Article 32; Security of processing, states that “the controller and processor shall implement appropriate technical and organizational measures to ensure a level of security appropriate to the risk,” including, as appropriate, “pseudonymization and encryption of personal data.”

So again, while encryption is not mandatory, it can be considered a standard tool to help achieve the security required under GDPR.

A breach of encrypted data will most likely result in an embarrassment for the company, whereas losing unencrypted personal data will lead to serious questions and potentially massive fines.

As Google discovered, protecting data isn’t enough because GDPR is particularly interested in transparency and consent.
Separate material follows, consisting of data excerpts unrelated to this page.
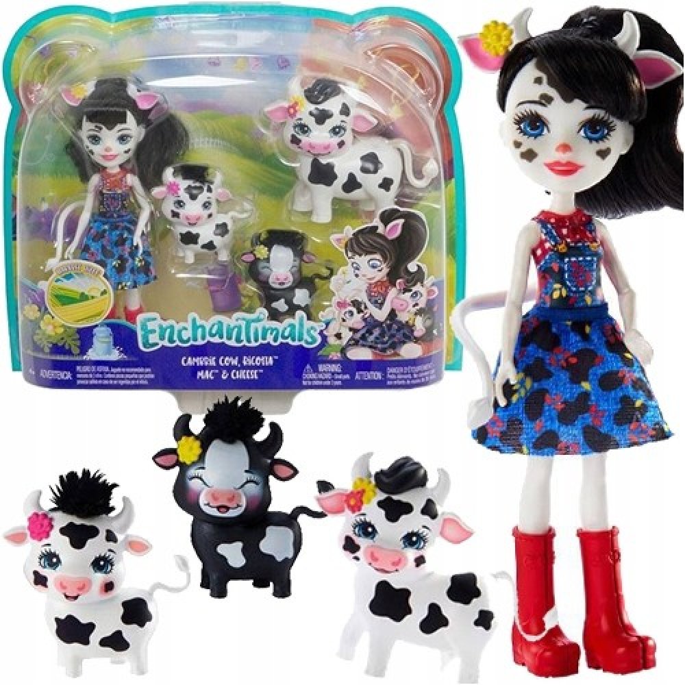 Enchantimals jsou milé postavičky, které se zvláštním způsobem pojí s nejlepšími zvířecími přáteli. Tato rodinka Enchantimals z kolekce Harvest Hill obsahuje panenku Cambrie Cow (cca 15 cm), krávu Ricottu a 2 telátka. Zvláštní pouto této kraví rodinky poskytuje dětem spoustu nápadů na hraní. Toto roztomilé stádo podporuje hraní pečujících rolí. Ve svém pracovním oblečku s odnímatelnou sukní s punt...
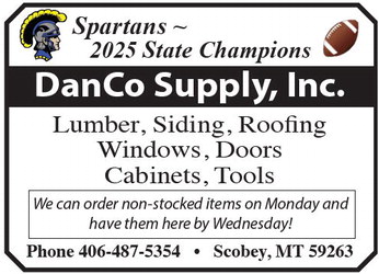Spartans ~ 2025 State Champions DanCo Supply, Inc. Lumber, Siding, Roofing Windows, Doors Cabinets, Tools Phone 406-487-5354 • Scobey, MT 59263 We can order non-stocked items on Monday and have them here by Wednesday! Spartans ~ 2025 State Champions DanCo Supply, Inc. Lumber, Siding, Roofing Windows, Doors Cabinets, Tools Phone 406-487-5354 • Scobey, MT 59263 We can order non-stocked items on Monday and have them here by Wednesday!
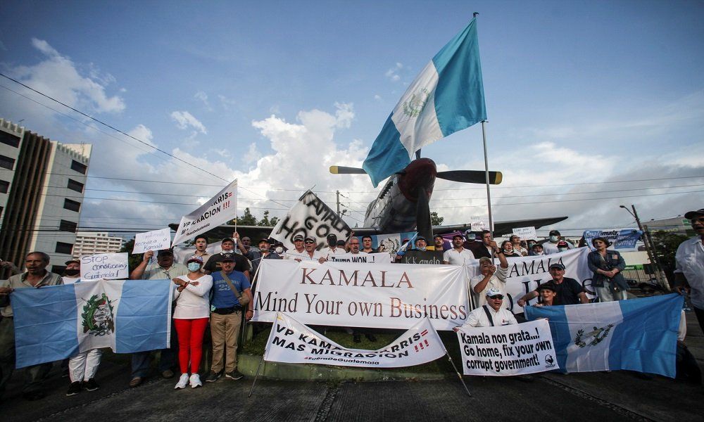 استقبلت كامالا هاريس نائبة الرئيس الأميركي جو بايدن في غواتيمالا باحتجاجات منددة بزيارتها، حيث طالبها المحتجون بـ”الاهتمام بشؤونها الخاصة والعودة إلى دارها”.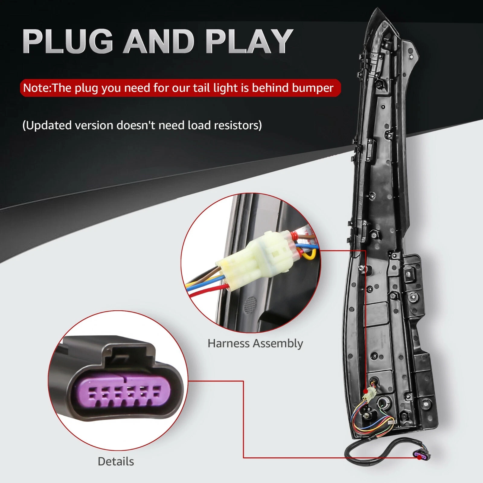 • Note:the plug is behind bumper and not from the light. (Plug is 6 Holes Plug with 5 Pin)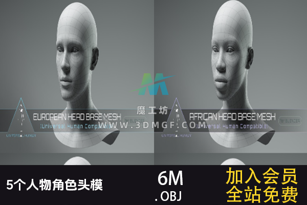 魔工坊 人物/动物/食物 5个OBJ单体模型人物角色头模 3D模型 https://3dmgf.com/728.html

However, a system of solid encryption will undoubtedly help in the event of a data breach.

GDPR fundamentals

GDPR explanation

GDPR clarifies the responsibilities of organizations that control or process the personal data of EU citizens.

The main focus of GDPR is to protect the public by stopping unscrupulous companies from collecting vast amounts of data on individuals that can violate their right to privacy or be stolen by hackers and put individuals at risk of long-term financial or other damage.

Data protection by design and by default

Something that cybersecurity professionals have been saying for years – security should never be an afterthought but, instead, built into the very fabric of technology. The old mantra “security should be baked in, not sprayed on” has finally become the law.

This isn’t to say that the regulation forces companies to adopt certain privacy technologies, as it’s not the process of protecting data that’s important but the result.

Data minimisation

At the core of , Article 25: Data protection by design is the principle of data minimization – limiting the amount of stored personal data to the minimum required. This means companies must stop collecting personal data just because they can.

It will make companies think twice and start to use the data for the purpose they worked so hard to collect it for, and these are often things that are good for the receiver like email segmentation or personalization. If they don’t use it, they have to delete it.

The result is that even after a breach, the effects are minimized if redundant data was never collected in the first place.

Consent and the 8 GDPR rights

Under GDPR, specific conditions for consent must be met. The organization must demonstrate that consent has been freely given through a clear, informed, and unambiguous affirmative action particular to the use of the data.

Silence, pre-ticked boxes, or another inactivity cannot be considered consent. Consent must be verifiable and can be withdrawn at any time.

Every email and newsletter, like companies, send with commercial email marketing software has to include an easy way to opt-out and withdraw your consent. These opt-out pages can’t be obstructed by log-ins or ask for the subscriber to type in their email address. It doesn’t matter if it is a big corporation or email marketing for your blog, we are all bound to the same regulations. 

In most cases, collecting personal data that reveals the racial or ethnic origin, political opinions, religious beliefs, trade union membership, and genetic and biometric data is prohibited.

There are specific situations where this does not apply. Still, again, these safeguards are in place to protect citizens, and breaches of these data types can carry much more significant penalties.

All European citizens are now protected by the 8 GDPR rights that must be upheld by the organization controlling or processing the data. Companies must put systems in place that make it possible for data subjects to exercise their rights or risk fines for non-compliance.


The full scope of GDPR and an organization’s full responsibilities can’t possibly paraphrase into a single article. This piece intends not to provide a definitive guide or legal advice.

It is imperative to consider how your organization handles data and whether it complies with GDPR in a documented and verifiable way should you face a data breach, complaint, or inspection.

GDPR aims to protect the data of European citizens through enforced regulations when cybercrime is on the rise massively. Even though it may seem inconvenient to implement compliance, the laws protect the public and set an example for the rest of the world to follow.